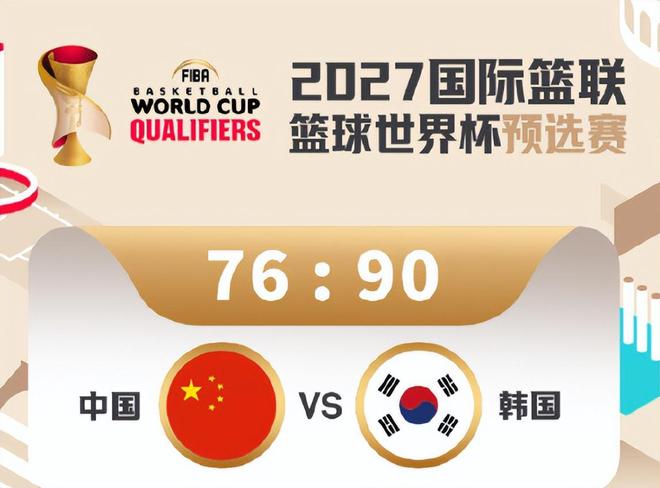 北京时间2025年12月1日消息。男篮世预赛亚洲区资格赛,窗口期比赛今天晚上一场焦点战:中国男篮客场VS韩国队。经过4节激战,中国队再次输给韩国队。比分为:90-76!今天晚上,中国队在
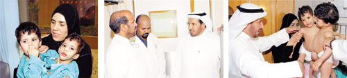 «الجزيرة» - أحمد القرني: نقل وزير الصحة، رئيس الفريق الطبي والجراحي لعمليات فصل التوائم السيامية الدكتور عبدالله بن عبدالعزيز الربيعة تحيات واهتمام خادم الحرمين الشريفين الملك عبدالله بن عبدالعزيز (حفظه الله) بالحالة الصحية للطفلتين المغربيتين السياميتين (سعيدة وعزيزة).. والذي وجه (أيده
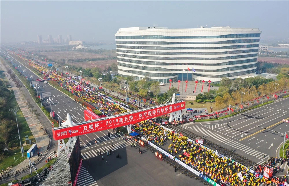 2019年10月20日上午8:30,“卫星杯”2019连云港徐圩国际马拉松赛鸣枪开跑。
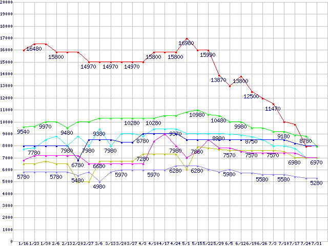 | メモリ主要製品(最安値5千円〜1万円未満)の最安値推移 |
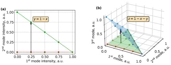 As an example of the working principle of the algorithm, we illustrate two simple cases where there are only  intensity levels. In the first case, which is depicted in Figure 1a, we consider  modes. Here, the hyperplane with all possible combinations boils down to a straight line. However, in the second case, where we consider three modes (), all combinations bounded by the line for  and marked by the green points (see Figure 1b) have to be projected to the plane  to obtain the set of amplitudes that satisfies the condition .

++++++++

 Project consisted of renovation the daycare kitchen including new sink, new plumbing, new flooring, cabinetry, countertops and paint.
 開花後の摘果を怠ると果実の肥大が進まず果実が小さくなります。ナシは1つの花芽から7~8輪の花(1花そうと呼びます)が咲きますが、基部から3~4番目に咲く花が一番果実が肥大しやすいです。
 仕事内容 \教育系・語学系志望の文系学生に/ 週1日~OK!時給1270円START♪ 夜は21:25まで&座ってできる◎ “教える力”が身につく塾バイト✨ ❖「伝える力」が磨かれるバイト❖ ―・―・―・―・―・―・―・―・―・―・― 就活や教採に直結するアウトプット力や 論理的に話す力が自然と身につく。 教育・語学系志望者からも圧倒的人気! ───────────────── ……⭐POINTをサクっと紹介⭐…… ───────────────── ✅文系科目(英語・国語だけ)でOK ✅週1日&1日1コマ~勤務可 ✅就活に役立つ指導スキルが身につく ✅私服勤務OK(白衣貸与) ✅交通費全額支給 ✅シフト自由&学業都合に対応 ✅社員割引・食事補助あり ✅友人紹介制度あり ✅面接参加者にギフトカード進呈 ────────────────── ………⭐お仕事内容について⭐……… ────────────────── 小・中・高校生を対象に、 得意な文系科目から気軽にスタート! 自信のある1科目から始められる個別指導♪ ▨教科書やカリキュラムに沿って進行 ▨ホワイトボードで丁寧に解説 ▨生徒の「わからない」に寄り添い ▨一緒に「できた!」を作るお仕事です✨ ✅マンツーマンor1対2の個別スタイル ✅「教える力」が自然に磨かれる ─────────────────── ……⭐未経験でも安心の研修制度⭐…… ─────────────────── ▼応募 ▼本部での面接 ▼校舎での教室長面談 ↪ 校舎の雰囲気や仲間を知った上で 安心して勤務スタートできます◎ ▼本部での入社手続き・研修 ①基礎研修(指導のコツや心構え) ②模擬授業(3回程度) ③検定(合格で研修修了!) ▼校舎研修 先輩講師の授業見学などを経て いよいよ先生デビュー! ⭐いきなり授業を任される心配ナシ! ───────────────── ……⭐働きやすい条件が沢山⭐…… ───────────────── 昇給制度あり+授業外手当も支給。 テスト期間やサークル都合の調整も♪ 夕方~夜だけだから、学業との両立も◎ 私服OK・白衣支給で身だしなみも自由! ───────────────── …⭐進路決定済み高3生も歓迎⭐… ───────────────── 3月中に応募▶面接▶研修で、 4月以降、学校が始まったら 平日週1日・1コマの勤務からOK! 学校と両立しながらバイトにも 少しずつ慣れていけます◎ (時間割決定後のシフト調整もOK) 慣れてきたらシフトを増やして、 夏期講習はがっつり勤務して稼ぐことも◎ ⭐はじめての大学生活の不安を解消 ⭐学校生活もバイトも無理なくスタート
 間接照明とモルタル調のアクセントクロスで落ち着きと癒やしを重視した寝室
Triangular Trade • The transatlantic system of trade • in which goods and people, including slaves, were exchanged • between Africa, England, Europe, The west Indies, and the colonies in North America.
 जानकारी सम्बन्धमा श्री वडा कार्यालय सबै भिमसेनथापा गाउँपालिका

++++++++

- Exercise instructions:
"including" is the word to look for; copy every line of the data that has it.

- Your solution:
 Project consisted of renovation the daycare kitchen including new sink, new plumbing, new flooring, cabinetry, countertops and paint.
Triangular Trade • The transatlantic system of trade • in which goods and people, including slaves, were exchanged • between Africa, England, Europe, The west Indies, and the colonies in North America.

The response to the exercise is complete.